Building a scalable code modernization solution with AWS Transform custom

Introduction

Software maintenance and modernization is a critical challenge for enterprises managing hundreds or thousands of repositories. Whether upgrading Java versions, migrating to new AWS SDKs, or modernizing frameworks, the scale of transformation work can be overwhelming. AWS Transform custom uses agentic AI to perform large-scale modernization of software, code, libraries, and frameworks to reduce technical debt. It handles diverse scenarios including language version upgrades, API and service migrations, framework upgrades and migrations, code refactoring, and organization-specific transformations. Through continual learning, the agent improves from every execution and developer feedback, delivering high-quality, repeatable transformations without requiring specialized automation expertise.

Organizations need to run transformations using AWS Transform custom concurrently across their entire code estate to meet aggressive modernization timelines and compliance deadlines. Running it at enterprise scale requires a solution to process repositories in parallel, in a controlled remote cloud environment, manage credentials securely, and provide visibility into transformation progress. Today, we’re introducing an open-source solution that brings production-grade scalability, reliability, and monitoring to AWS Transform custom. This infrastructure enables you to run transformations on thousands of repositories in parallel using AWS Batch and AWS Fargate, with REST API access for programmatic control and comprehensive Amazon CloudWatch monitoring.

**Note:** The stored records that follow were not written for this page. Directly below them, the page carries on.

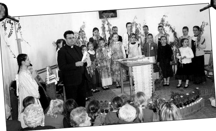
„...zur heiligen Kapelle – kő kápolnicskát láték...”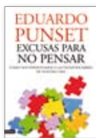
PUNSET, Eduard Excusas para no pensar (Destino)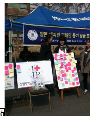
学校での募金活動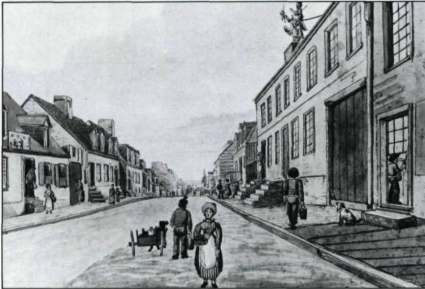
La rue Saint-Jean, vue vers l'est en 1830. Les maisons à l'avant-plan à gauche sont situées sur l'emplacement où se construira l'église après le feu de 1845. (Aquarelle de James Pattison Cockburn, Royal Ontario Museum).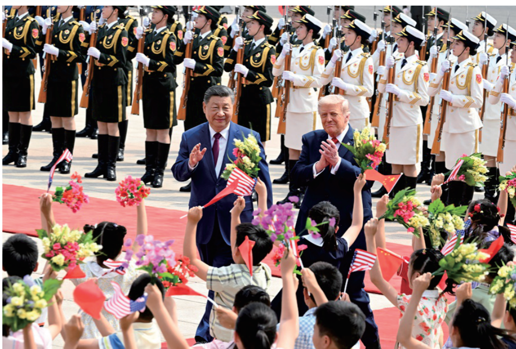
▲中美元首會晤牽動全球目光。圖為5月14日上午，國家主席習近平在北京人民大會堂東門外廣場為美國總統特朗普舉行歡迎儀式。

14日的中美元首會談期間，一個畫面迅速刷屏全球：特斯拉首席執行官馬斯克、蘋果首席執行官庫克、英偉達首

Requirements for Enterprise-Scale Code Modernization

AWS Transform custom provides powerful AI-driven code transformation capabilities through its CLI. To effectively scale transformations across enterprise codebases, organizations need:

Scale: Ability to run transformations on 1000+ repositories concurrently rather than one-by-one
Infrastructure: Dedicated compute resources for long-running transformations beyond developers’ laptops
API Access: REST API for programmatic orchestration and seamless integration with CI/CD pipelines
Monitoring: Centralized visibility into transformation progress and status across multiple repositories
Reliability: Automatic retries, secure credential management, and built-in fault tolerance

The Solution: Batch Infrastructure with REST API

This solution provides complete, production-ready infrastructure that addresses these challenges:

Core Capabilities

Scalable Batch Processing Run transformations on thousands of repositories in parallel using AWS Batch with Fargate. The default configuration (256 max vCPUs, 2 vCPUs per job) supports up to 128 concurrent jobs, with automatic queuing and resource management. The compute environment scales based on your needs and Fargate service quotas.
REST API for Programmatic Access Seven API endpoints provide complete job lifecycle management, enabling you to submit single jobs or bulk batches of thousands in one request. The API offers real-time status tracking and progress monitoring, with Amazon Identity and access Management (IAM) authentication ensuring secure access to transformation operations.
Multi-Language Container The solution includes a container supporting Java (8, 11, 17, 21), Python (3.8-3.13), and Node.js (16-24) with all build tools pre-installed, including Maven, Gradle, npm, and yarn. The AWS Transform CLI and AWS CLI v2 are bundled in. The container is fully extensible for custom requirements—you can add your own libraries, languages, or tools by customizing the Dockerfile to meet their specific needs
Enterprise-Grade Reliability Automatic IAM credential management eliminates long-lived keys, with credentials auto-refreshing every 45 minutes for jobs up to 12 hours. The system includes automatic retries for transient failures (default: 3 attempts), with configurable timeout and retry settings to match your transformation complexity.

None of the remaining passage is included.